▸ **Data extract**
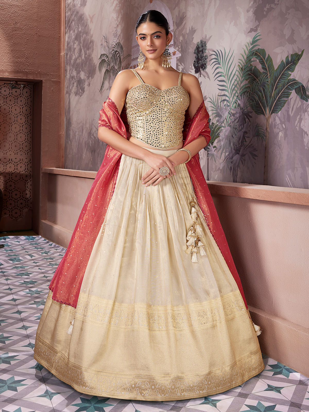 This cream tissue silk lehenga choli is beautifully accented with aabla and zari work. Paired with a contrasting dupatta for added elegance. The sweetheart neckline and sleeveless blouse create a refined festive silhouette, ideal for weddings, receptions and sophisticated sangeet functions.
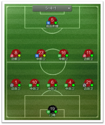 5-4-1的特点,第一,后卫数量多,占了场上人员的一半(门将不算),这就决定了可供选择的防守技能数量很多;第二,5-4-1也是一个非常适合打边路的阵型,有很多可以提供下底的,那为什么说,5-4-1可以克制352呢?因为5-4-1有多达5个防守球员,大大增加了5后卫拦截的可能。同时,在进攻端,541走的必然是边路下底传中路线,无视352盯人的影响。只需要突破中场防守,就可以直接打门。大大提升了进攻效率。
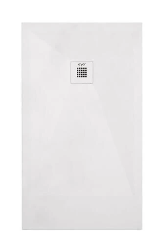 - Receveur 80 x 120 cm extra-plat 3 cm en résine de synthèse blanche, sans ressaut à encastrer et recoupable pour une installation sur-mesure grâce à sa fabrication en composé mixte résine et

▸ **Work instructions**
Leave the pictures out and output all of the data verbatim.

▸ **Your solution**
 This cream tissue silk lehenga choli is beautifully accented with aabla and zari work. Paired with a contrasting dupatta for added elegance. The sweetheart neckline and sleeveless blouse create a refined festive silhouette, ideal for weddings, receptions and sophisticated sangeet functions.
 5-4-1的特点,第一,后卫数量多,占了场上人员的一半(门将不算),这就决定了可供选择的防守技能数量很多;第二,5-4-1也是一个非常适合打边路的阵型,有很多可以提供下底的,那为什么说,5-4-1可以克制352呢?因为5-4-1有多达5个防守球员,大大增加了5后卫拦截的可能。同时,在进攻端,541走的必然是边路下底传中路线,无视352盯人的影响。只需要突破中场防守,就可以直接打门。大大提升了进攻效率。
 - Receveur 80 x 120 cm extra-plat 3 cm en résine de synthèse blanche, sans ressaut à encastrer et recoupable pour une installation sur-mesure grâce à sa fabrication en composé mixte résine et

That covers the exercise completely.